4. Construct the {py:class}`~qfa.domain.ports.AnonymizationPort` (a {py:class}`~qfa.adapters.presidio_anonymizer.PresidioAnonymizer`).
5. Construct the {py:class}`~qfa.services.orchestrator.Orchestrator` with the (possibly wrapped) ports.
6. Stash the orchestrator, API keys, and — when present — the usage repository on `app.state` for the request lifecycle to read.
This is the **only** place that knows about concrete adapter classes.
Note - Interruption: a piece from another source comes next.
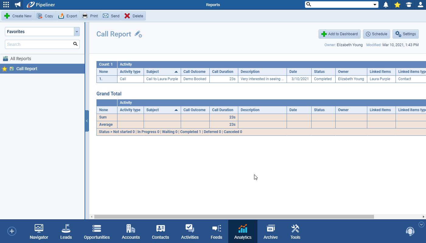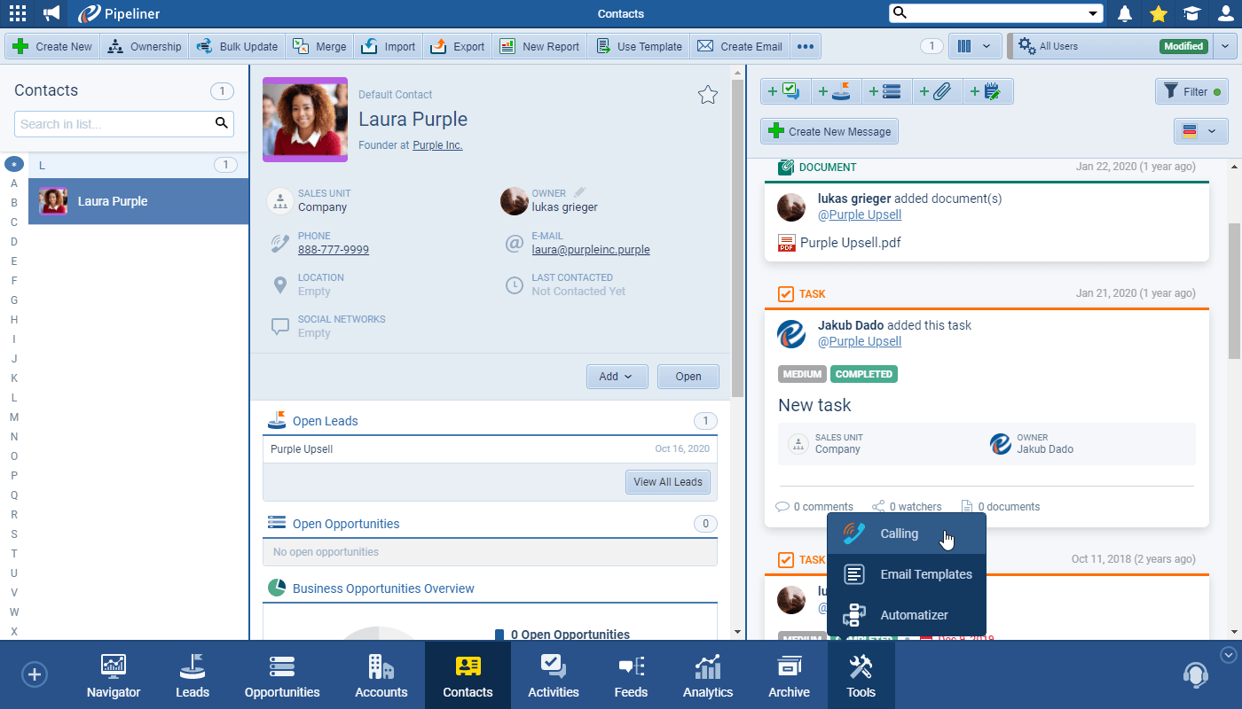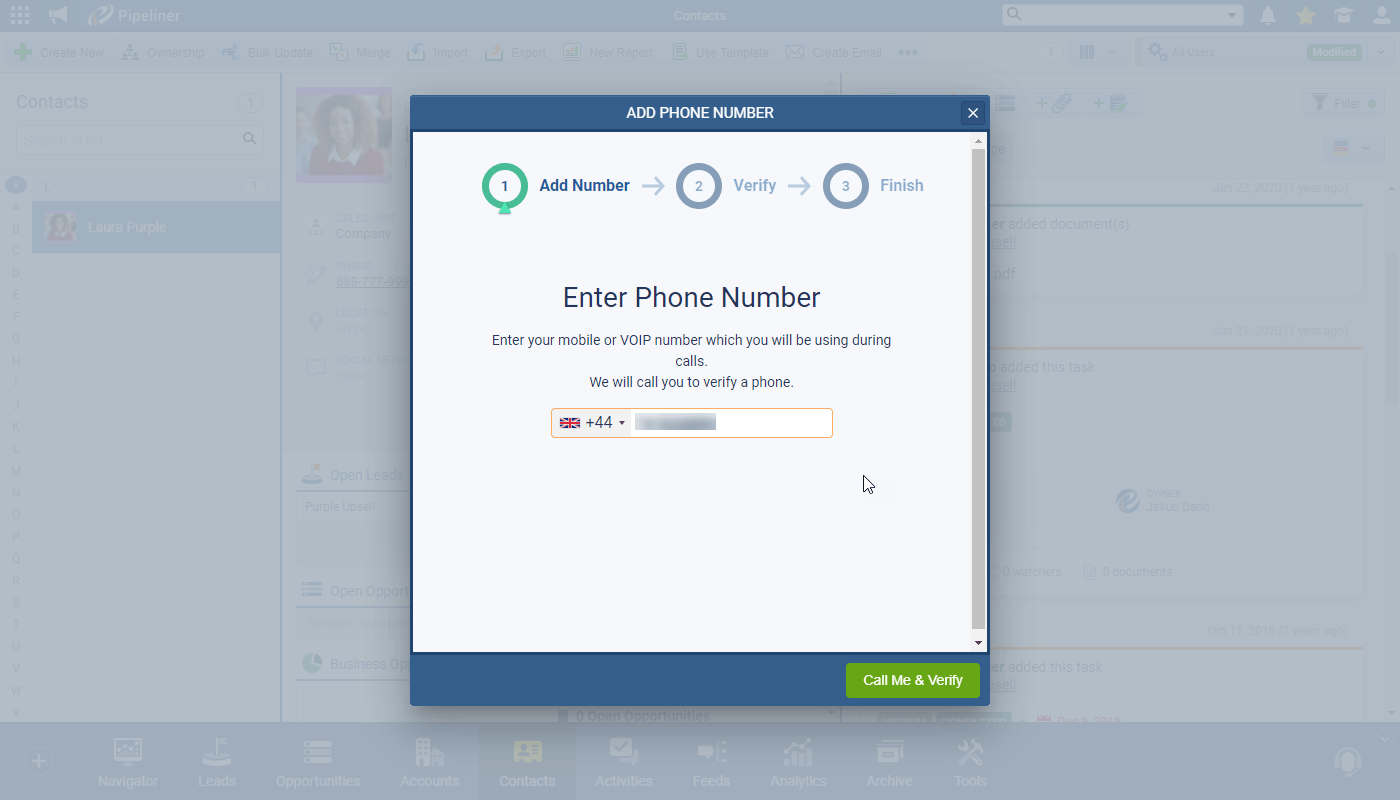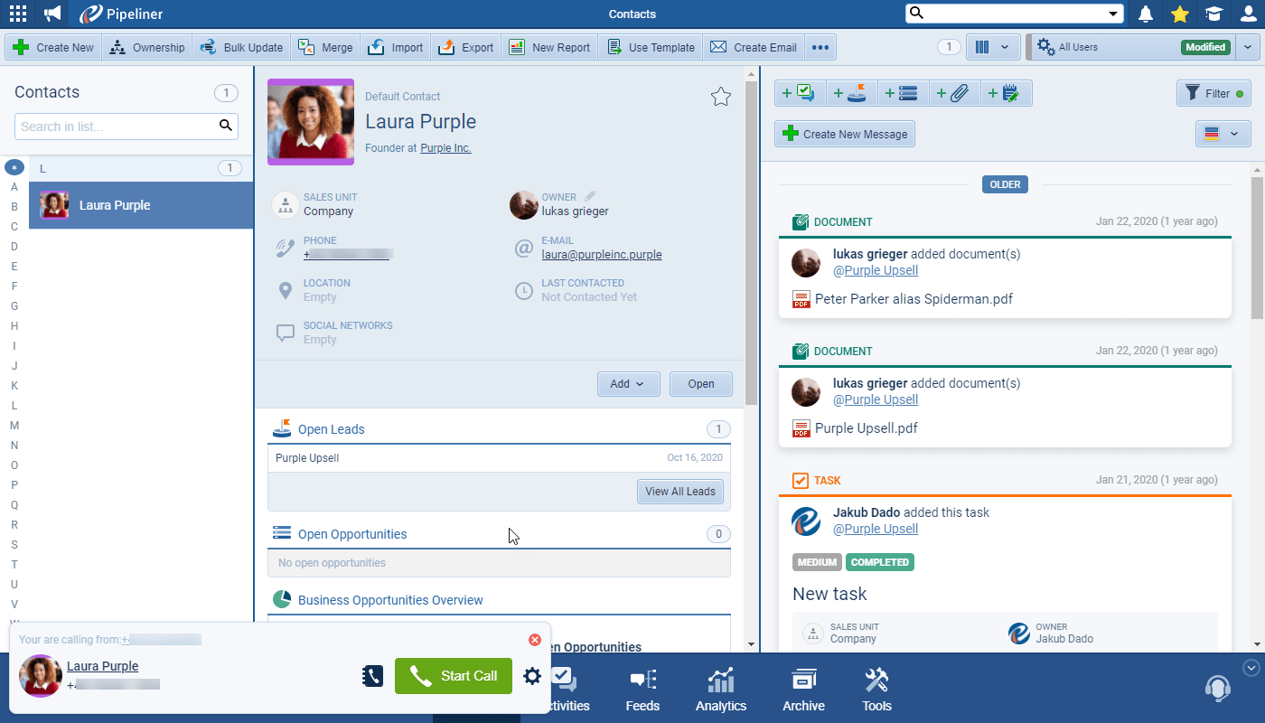 Calls to Contacts or Accounts can then be initiated directly from the Coevera app and seamlessly logged as a completed task.
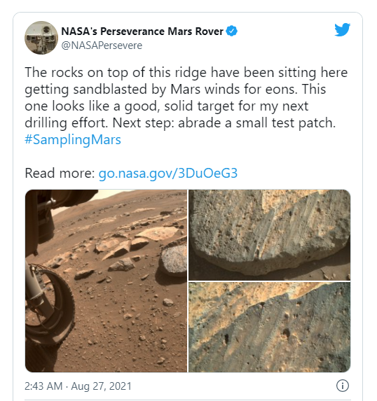 “毅力”號正在檢查一個(gè)名為“CitaDELLe ”的峭壁山脊。NASA 在周四的一份聲明中說(shuō):“山脊上有一層巖石,似乎可以抵御風(fēng)的侵蝕,這表明它更有可能在鉆探過(guò)程中堅持下去。”NASA 在 Twitter 上發(fā)布了該地區和潛在巖石目標的一些觀(guān)點(diǎn)。

Routes and dependencies read from `app.state` only.
## Test seam
`create_app(llm_factory=…)` lets end-to-end tests inject a `FakeLLMPort` without monkey-patching. The lifespan still runs — so the *real* {py:class}`~qfa.adapters.tracking_llm.TrackingLLMAdapter`, {py:class}`~qfa.adapters.presidio_anonymizer.PresidioAnonymizer`, and migrations all execute. Only the bottom-most layer (the actual LLM call) is faked. See `tests/e2e/conftest.py`.